Segment Start: Source data

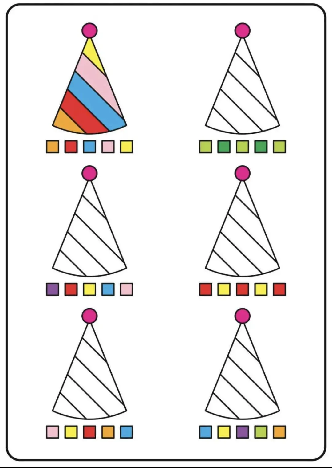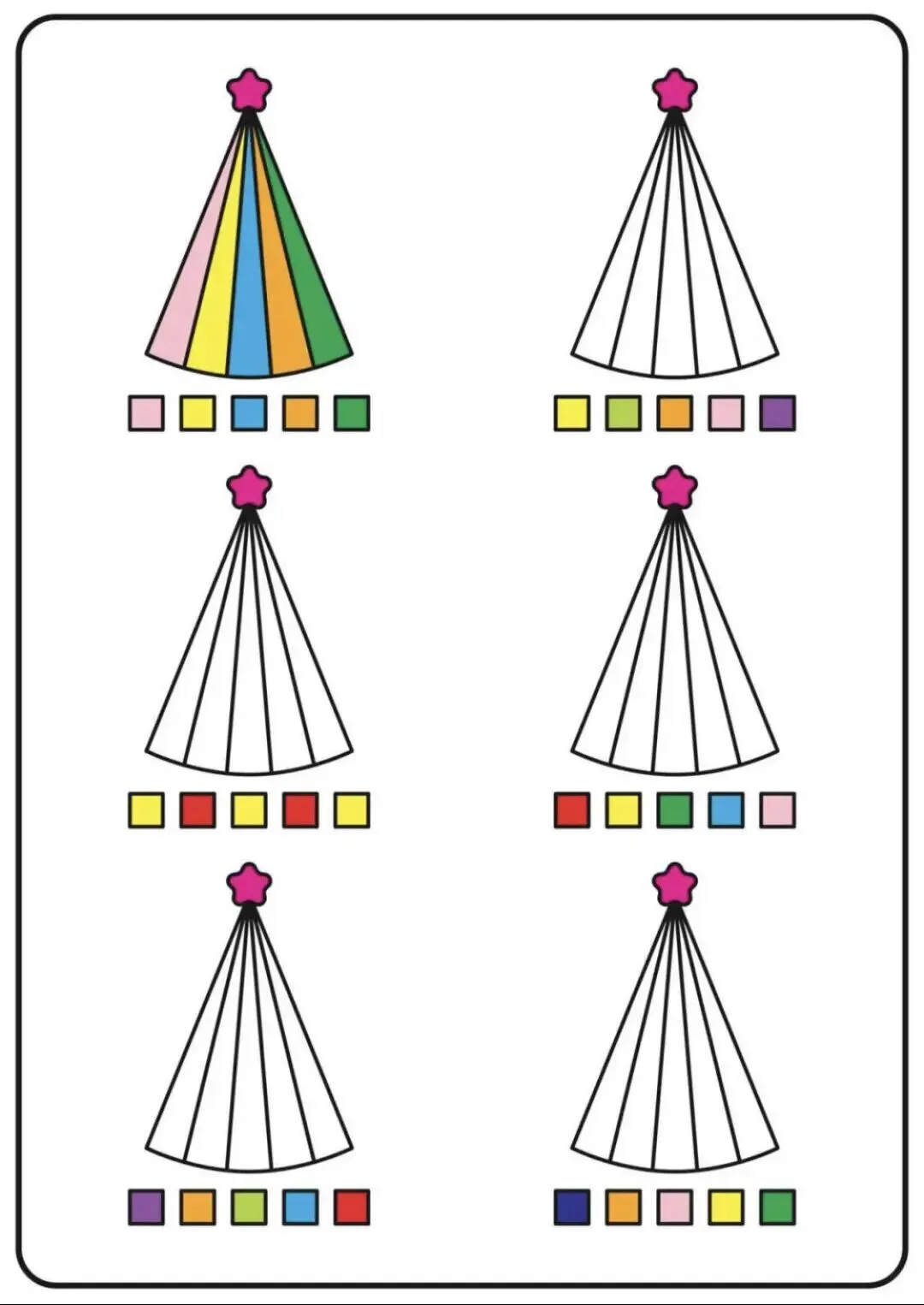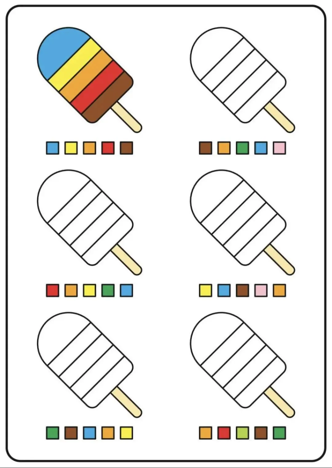 幼儿园小中班益智区认识颜色观察找规律涂色可打印图片
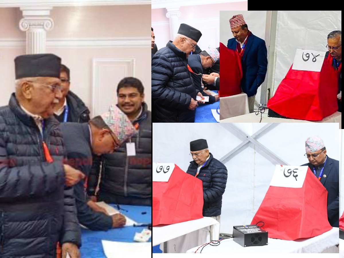- सुरुवात: अध्यक्षका दुवै उम्मेदवार ओली (मेसिन नं. ७७ बाट) र पोखरेल (मेसिन नं. ७६ बाट) ले मत हालेर मतदान प्रक्रिया सुरु गरेका छन्।
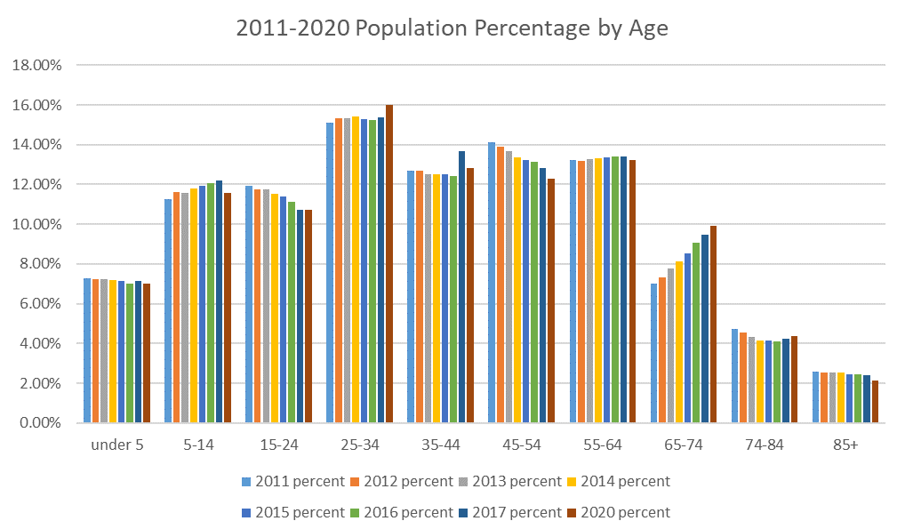 Looking at age brackets over time, one can see changes each year. Again, most of the profile for Roanoke is stable with the exception of the 64-74 bracket which show increases as the Baby Boomers’s cohort moves through. Also notable is the upward trend in the 5-14 age bracket and the downward trend of the 15-24 bracket. However, both changes are relatively slight.
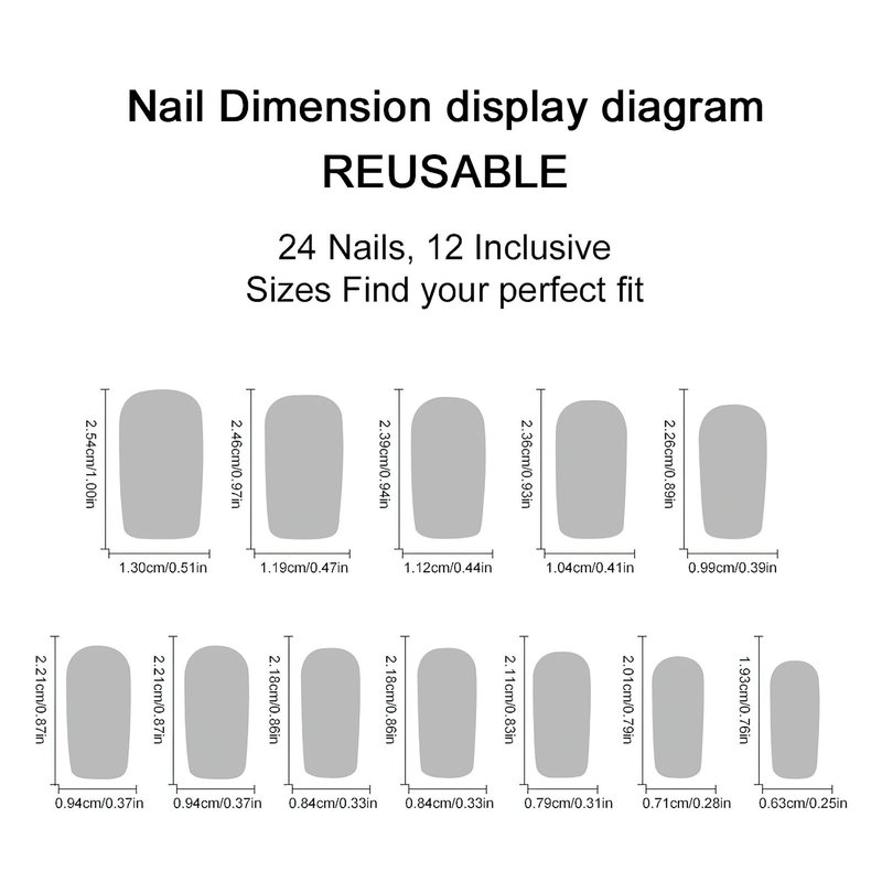 - 【Package】You will get 24 pieces of press on nails square in 12 sizes, our set comes with jelly glue stickers 1 nail file, and 1 piece of wooden stick for removing fake nails, we recommend using your own glue.
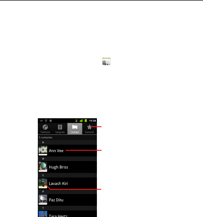 Al uw contacten worden alfabetisch in een schuiflijst weergegeven. Achter elk
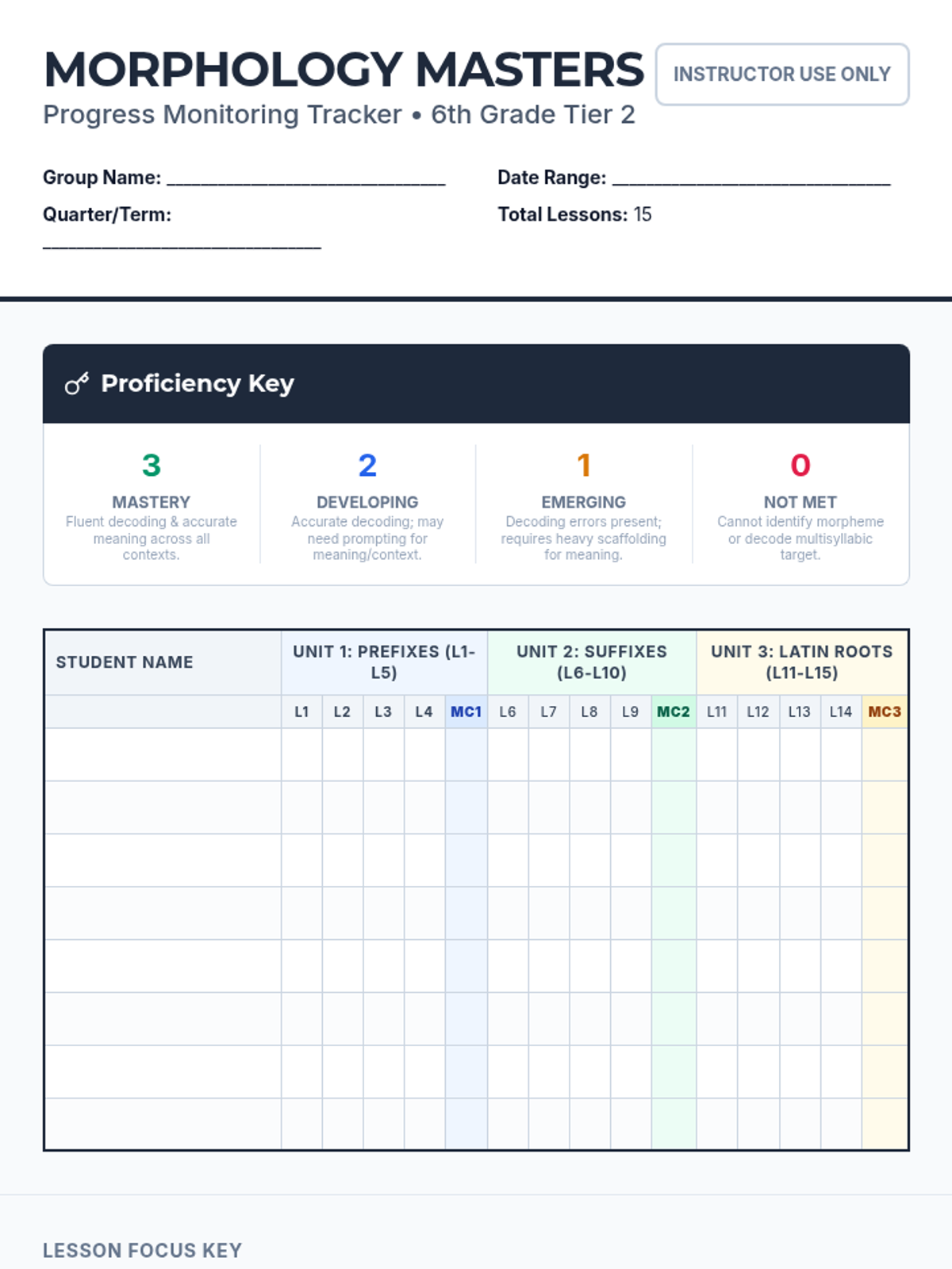 The final lesson of the sequence, reviewing all prefixes, suffixes, and roots with a cumulative assessment.

Segment End: Source data

:: What to produce ::
Please repeat, exactly and with nothing else, the lines from the one containing "Al uw contacten" to the last line of the entries, both included, excluding any pictures.

:: Result of this exercise ::
 Al uw contacten worden alfabetisch in een schuiflijst weergegeven. Achter elk
 The final lesson of the sequence, reviewing all prefixes, suffixes, and roots with a cumulative assessment.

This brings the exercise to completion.